▸ Exercise directions
With the pictures omitted, set down exactly the lines from the one that contains "Anthony & Paul | ||" through the last line of the data.

▸ Extracted information
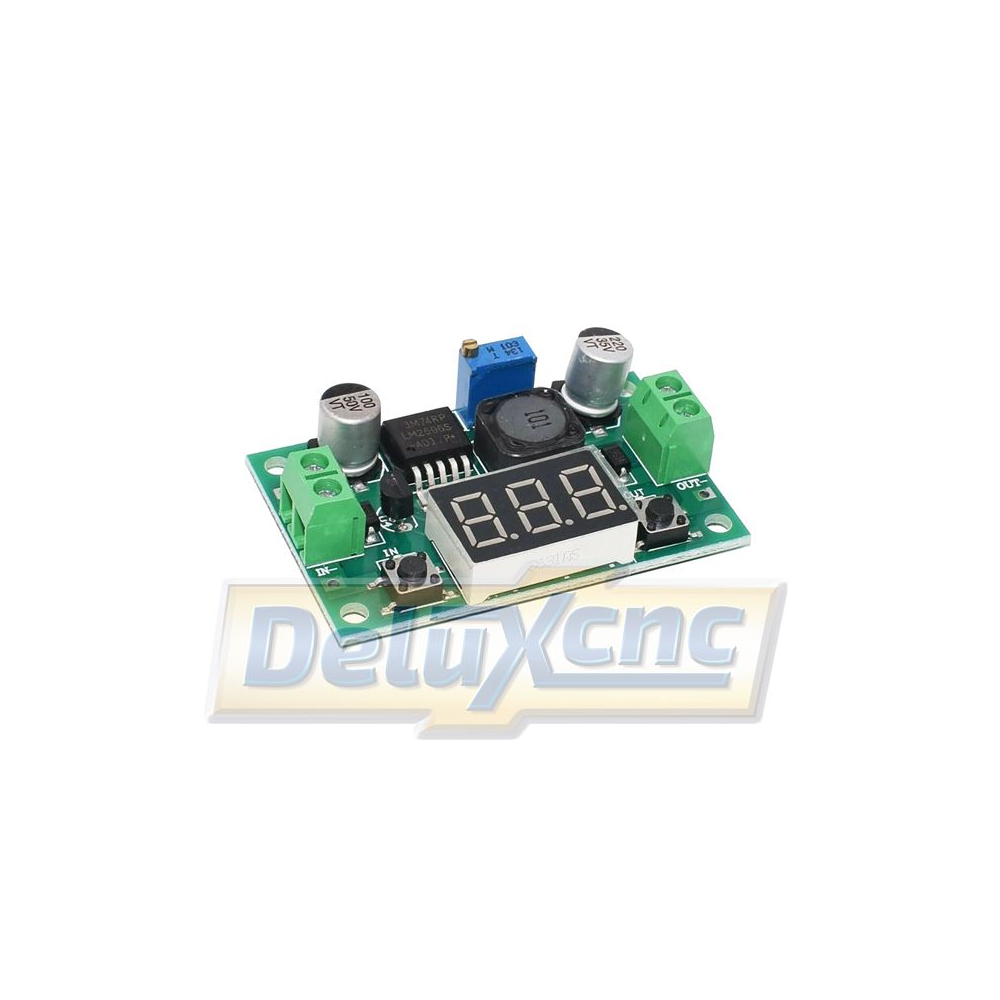 Schaltnetzteil, Spannungsregler. Ausgangsstrom: 2 A. Eingangsspannung (Vin): 3 bis 35 V DC. Ausgangsspannung (Vout): 1,5 bis 33 V DC, 3-stellige Anzeige für Eingangs- und Ausgangsspannung. Abmessungen: 61 × 34 × 12 mm
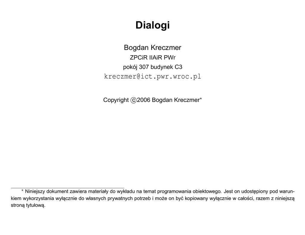 Dialogi Bogdan Kreczmer ZPCiR IIAiR PWr pokój 307 budynek C3 [email protected] c 2006 Bogdan Kreczmer? Copyright ? Niniejszy dokument zawiera materiały do wykładu na temat programowania obiektowego. Jest on udostepiony ˛ pod warun- kiem wykorzystania wyłacznie ˛ do własnych prywatnych potrzeb i może on być kopiowany wyłacznie ˛ w całości, razem z niniejsza˛ strona˛ tytułowa. ˛ Typy dialogów Dialog niemodalny – po uruchomieniu dialogu wszystkie elementy aplikacji wciaż ˛ odpowiadaja˛ na zdarzenia. Ognisko może zostać przeniesione do dowolnego okienka aplikacji. Tym samym można wybierać inne pozycje menu, narz˛edzia itd. Można również przenieść ognisko do innej aplikacji. Można również przełaczać ˛ sie˛ miedzy ˛ wirutalnymi pulpitami. Dialog modalny – po uruchomieniu dialogu ogniska nie można przenieść do żadnego innego innego okienka danej aplikacji. P˛etla zdarzeń (zwiazanych ˛ z dana˛ aplikacja) ˛ obsługiwana jest tylko w okienku dialogowym. Ognisko można jedynie przenieść do innej aplikajcji. Można również przełaczać ˛ sie˛ miedzy ˛ wirutalnymi pulpitami. Dialogi systemowe – po uruchomieniu dialogu ognisko nie może zostać przeniesione do żadnego innego okienka tej samej, jak też innej aplikacji. Niemożliwe jest przełaczanie ˛ miedzy ˛ wirtualnymi pulpitami. Dialog tego typu zawłaszcza całkowicie wskaźnik ekranowy (mysz) jak też klawiature. ˛ c 2006 Bogdan Kreczmer Copyright Dialogi 1 Przekazywanie informacji z okienka dialogowego • Bezpośredni odczyt z okienka dialogowego utworzonego statycznie (tylko dialogi modalne). • Obsługa komunikacji na poziomie dialogu – obsługa sygnałów z klawiszy dialogowych (tzn. Akceptuj, Odrzuć itp.). Modyfikacja stanu okienka zasadniczego lub innych struktur poprzez wskaźnik (lub referencje) ˛ pamietan ˛ a˛ w okienku dialogowym lub zmiennej globalnej. • Komunikacja poprzez sygnały – gdy informacji jest mało – z poziomu dialogu przesyłana jest pełna informacja o stanie okienka dialogowego do okienka zasadniczego (po przesłaniu sygnału dialog nie musi kończyć swojego działania). – gdy informacji jest dużo – poprzez sygnał przesyłany jest wskaźnik (lub nie, jeśli jest pamietany) ˛ na okienko dialogowe. Z poziomu okienka zasadniczego odczytywany jest aktualny stan okienka dialogowego. Destrukcja okienka dialogowego powinna być realizowana na poziomie okienka zasadniczego. c 2006 Bogdan Kreczmer Copyright Dialogi 2 Przykład dialogu modalnego c 2006 Bogdan Kreczmer Copyright Dialogi 3 Przykład dialogu modalnego Plik: dialogi1.hpp class DialogModalny: public QDialog { // public : DialogModalny( QWidget ∗wRodzic ): QDialog(wRodzic) ... }; // class KlasaKontrolki: public QWidget { // Q OBJECT QPushButton ∗ wPrzycisk; QLineEdit ∗ wOkTekstu; public : KlasaKontrolki( QWidget ∗wRodzic=0L ): QWidget( wRodzic ) ... public slots : void StartujDialog( ) ... }; // c 2006 Bogdan Kreczmer Copyright Dialogi 4 Przykład dialogu modalnego Plik: dialogi1.cpp #include ”dialogi1.hpp” int main( int argc, char ∗∗ argv ) { QApplication Aplikacja( argc, argv ); KlasaKontrolki Kontrolka; Aplikacja.setMainWidget( &Kontrolka ); Kontrolka.show( ); return Aplikacja.exec( ); } c 2006 Bogdan Kreczmer Copyright Dialogi 5 Przykład dialogu modalnego class DialogModalny: public QDialog { // ... }; // class KlasaKontrolki: public QWidget { // ... public : KlasaKontrolki( QWidget ∗wRodzic=0L ): QWidget( wRodzic ) { QVBoxLayout ∗wUkladWer = new QVBoxLayout( this ); wUkladWer–>addWidget( wOkTekstu = new QLineEdit(this ) ); wUkladWer–>addWidget( wPrzycisk = new QPushButton(”Start Dialogu”,this ) ); connect( wPrzycisk, SIGNAL( clicked( ) ), this , SLOT( StartujDialog( ) ) ); } public slots : void StartujDialog( ) ... }; // c 2006 Bogdan Kreczmer Copyright Dialogi 6 Przykład dialogu modalnego class DialogModalny: public QDialog { // ... }; // class KlasaKontrolki: public QWidget { // ... public : KlasaKontrolki( QWidget ∗wRodzic=0L ): QWidget( wRodzic ) ... public slots : void StartujDialog( ) { DialogModalny Dlg(this ); switch ( Dlg.exec( ) ) { case QDialog::Accepted: wOkTekstu–>setText( ”Tak” ); break ; case QDialog::Rejected: wOkTekstu–>setText( ”Nie” ); break ; } } }; // c 2006 Bogdan Kreczmer Copyright Dialogi 7 Przykład dialogu modalnego class DialogModalny: public QDialog { // public : DialogModalny( QWidget ∗wRodzic ): QDialog(wRodzic) { QHBoxLayout ∗wUkladHor = new QHBoxLayout( this ); QPushButton ∗wAkceptuj, ∗wOdrzuc; wUkladHor–>addWidget( wAkceptuj = new QPushButton( ”Akceptuj”, this ) ); wUkladHor–>addWidget( wOdrzuc = new QPushButton( ”Odrzuc”, this ) ); connect( wAkceptuj, SIGNAL( clicked( ) ), this , SLOT( accept( ) ) ); connect( wOdrzuc, SIGNAL( clicked( ) ), this , SLOT( reject( ) ) ); } }; // class KlasaKontrolki: public QWidget { // ... }; // c 2006 Bogdan Kreczmer Copyright Dialogi 8
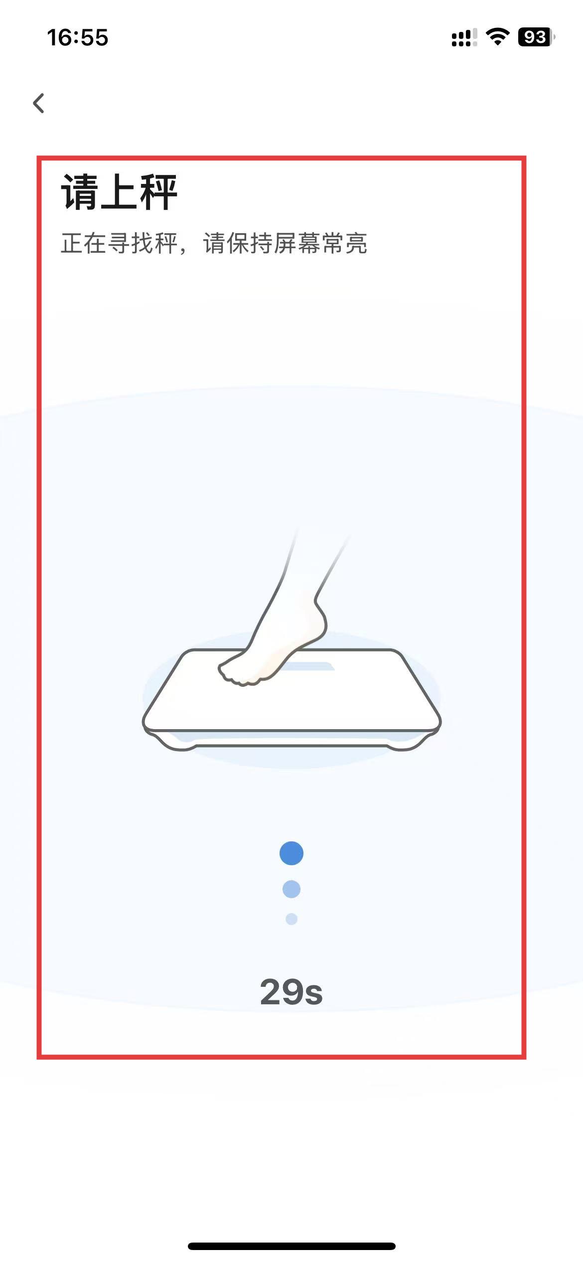 3、点击绑定体脂秤后,保持手机蓝牙开启,站在体脂秤上,等待APP搜索并连接体脂秤,即可成功连接。
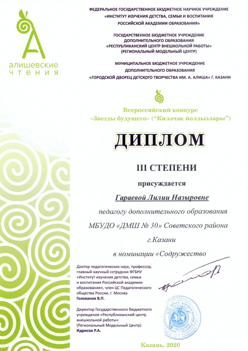 Всероссийский конкурс "Звезды будущего" ("Киләчәк йәлдызлары") в рамках Алишевских чтений - Гараева Л.Н. - диплом III степени в номинации "Содружество"
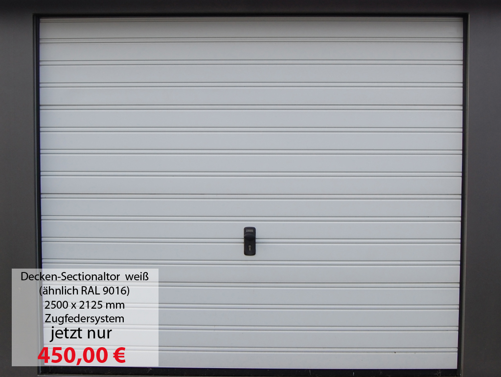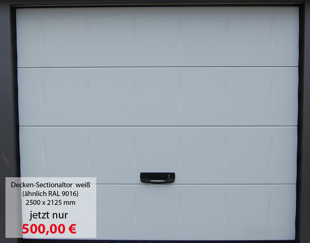 Momentan haben wir einige äußerst interessante Ausstellungsstücke im Abverkauf. Ihre Durchfahrtsmaße passen? Dann greifen Sie zu. Günstiger werden Sie ein solches Tor nicht finden. Fragen? Rufen Sie uns einfach an.
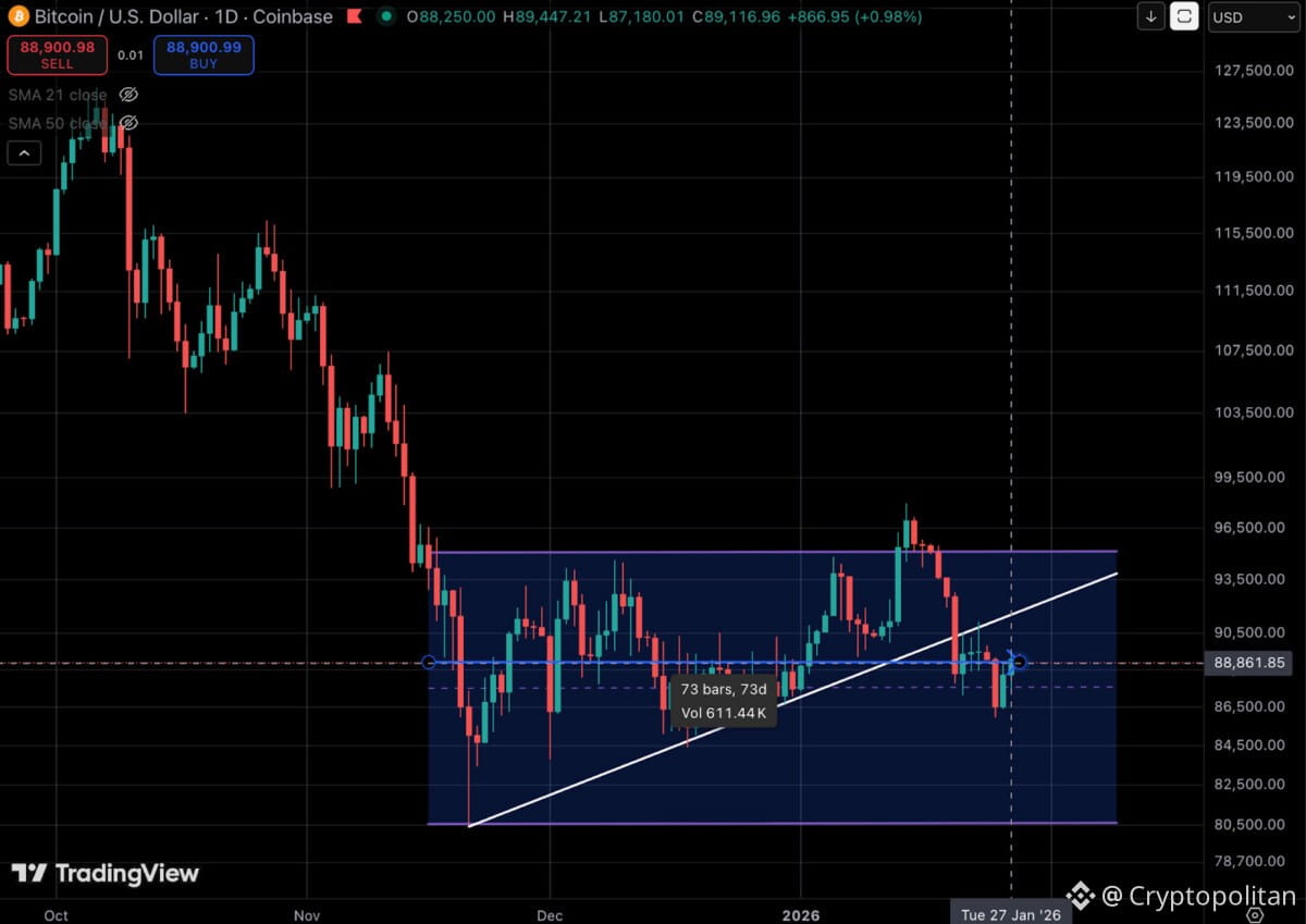 Bitcoin has been compressed within a clear range between $80.5K and $95K for 73 days now. The ranging market has also been characterized by unusually low volatility, especially when you compare to traditionally less volatile assets like gold and silver.
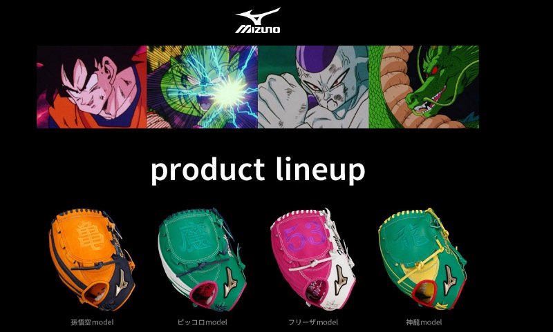 日本萬代旗下品牌「BANDAI FASHION COLLECTION」,近期與日本運動品牌 「美津濃」合作推出《 七龍珠Z 》聯名主題棒球系列用品,將孫悟空、比克、弗利沙、神龍等七龍珠元素,加入棒球手套、捕手專用護具、棒球等商品。
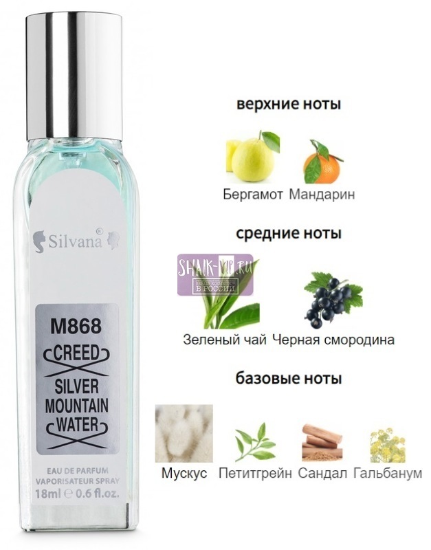 Превосходный мужской аромат - Silvana Silver Mountain – принадлежит к цитрусовой категории парфюмерии. Он презентует чувства ощутимого морозного воздуха, исходящего от снежных, горных вершин и является более доступным вариантом селективных духов Creed Silver Mountain Water («Серебряная Горная Вода»).
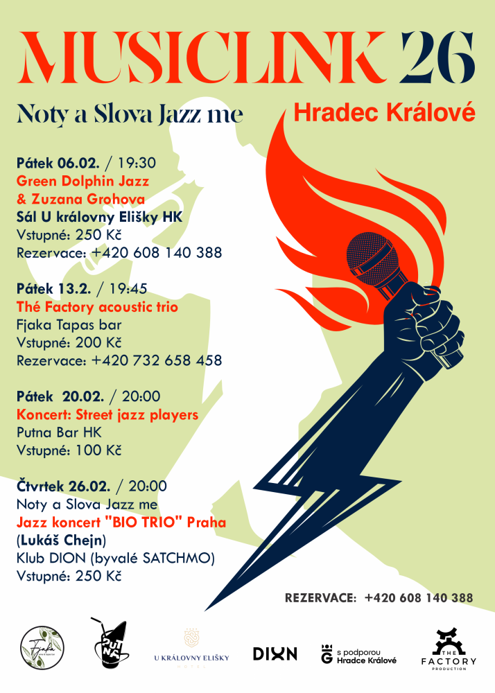 Projekt MUSICLINK 2026 je roční projekt série koncertů ve třech programových liniích, NOTY a SLOVA Jazz me (Alternativní jazz hudba), DJs FUSION ATTACK (Hip Hop, House a elektronická hudba DJs + Performers), EUROTUNES (World music). Program se bude pravidelně realizovat ve klubu DION, Putna Bar, Fjaka Tapas Bar a v sále vinárny Hotelu U Královny Elišky HK.
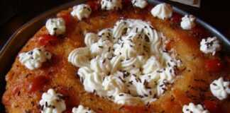 Βάζουμε την τούρτα στο ψυγείο για τουλάχιστον 2 ώρες πριν την σερβίρουμε.
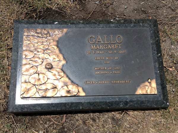 | Gallo | Margaret | photo | 27/03/1940 | 30/09/2007 | w/o Ilio, m/o Anthony & Paul | ||
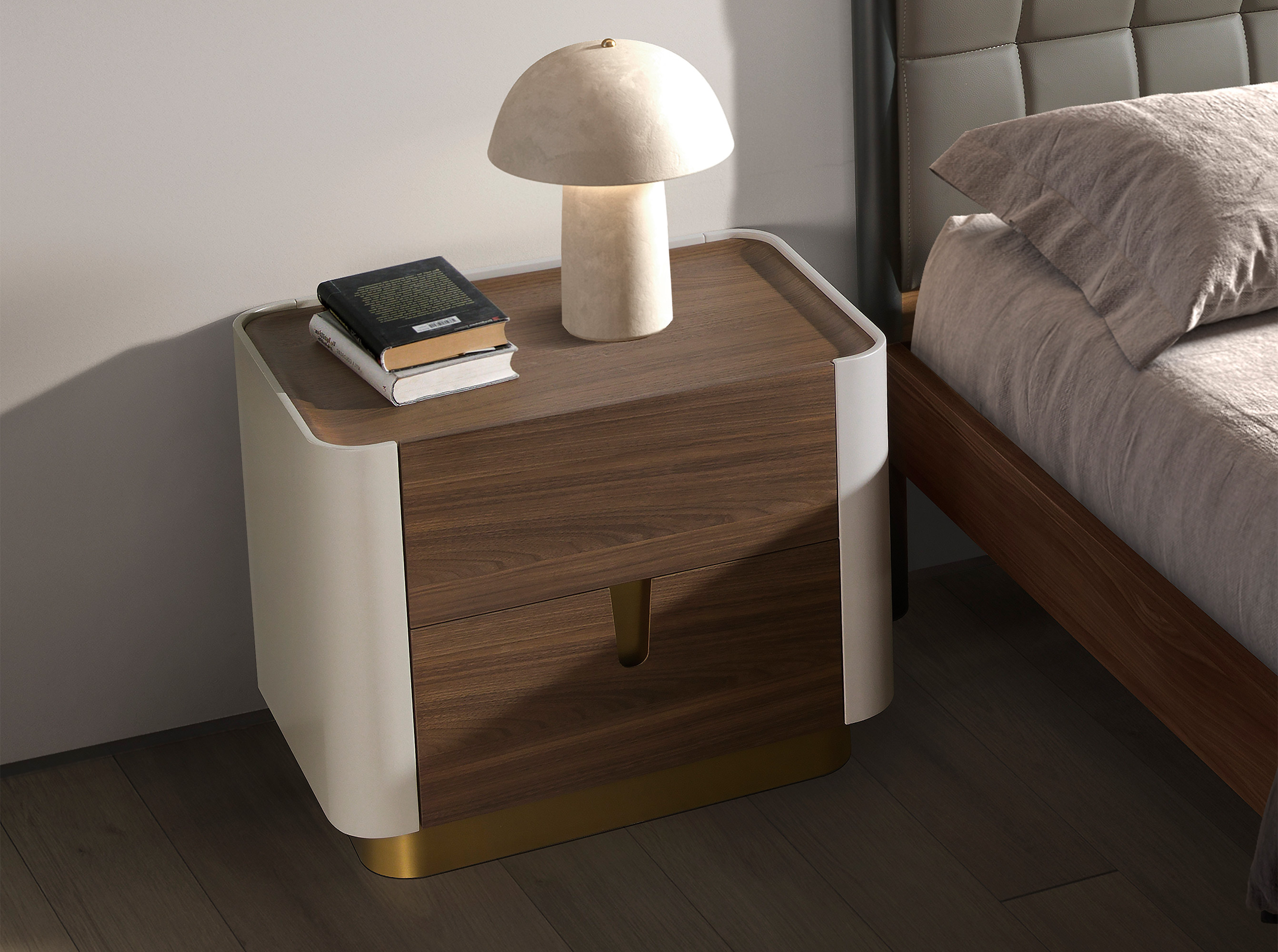 Прикроватная тумбочка 7187 из ореха и лака бежевого цвета
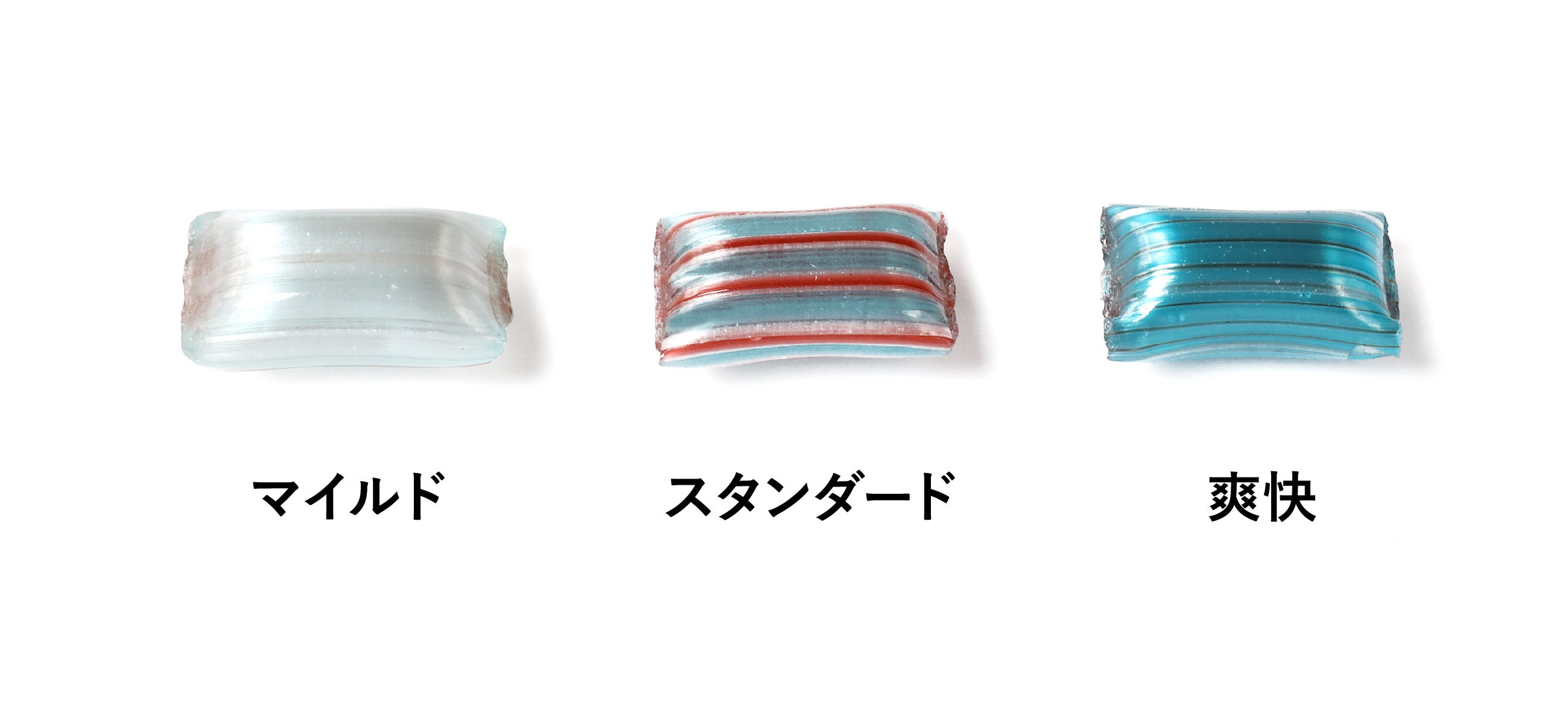 いろいろなミントレベルを楽しみたい方には、3種のキャンディが入った「ミックス」がおすすめ。3倍以上入った大容量の「Lサイズ」や、王道の「スタンダード」を単品で楽しめるBAGタイプもご用意しています。

▸ Solution to this problem
 | Gallo | Margaret | photo | 27/03/1940 | 30/09/2007 | w/o Ilio, m/o Anthony & Paul | ||
 Прикроватная тумбочка 7187 из ореха и лака бежевого цвета
 いろいろなミントレベルを楽しみたい方には、3種のキャンディが入った「ミックス」がおすすめ。3倍以上入った大容量の「Lサイズ」や、王道の「スタンダード」を単品で楽しめるBAGタイプもご用意しています。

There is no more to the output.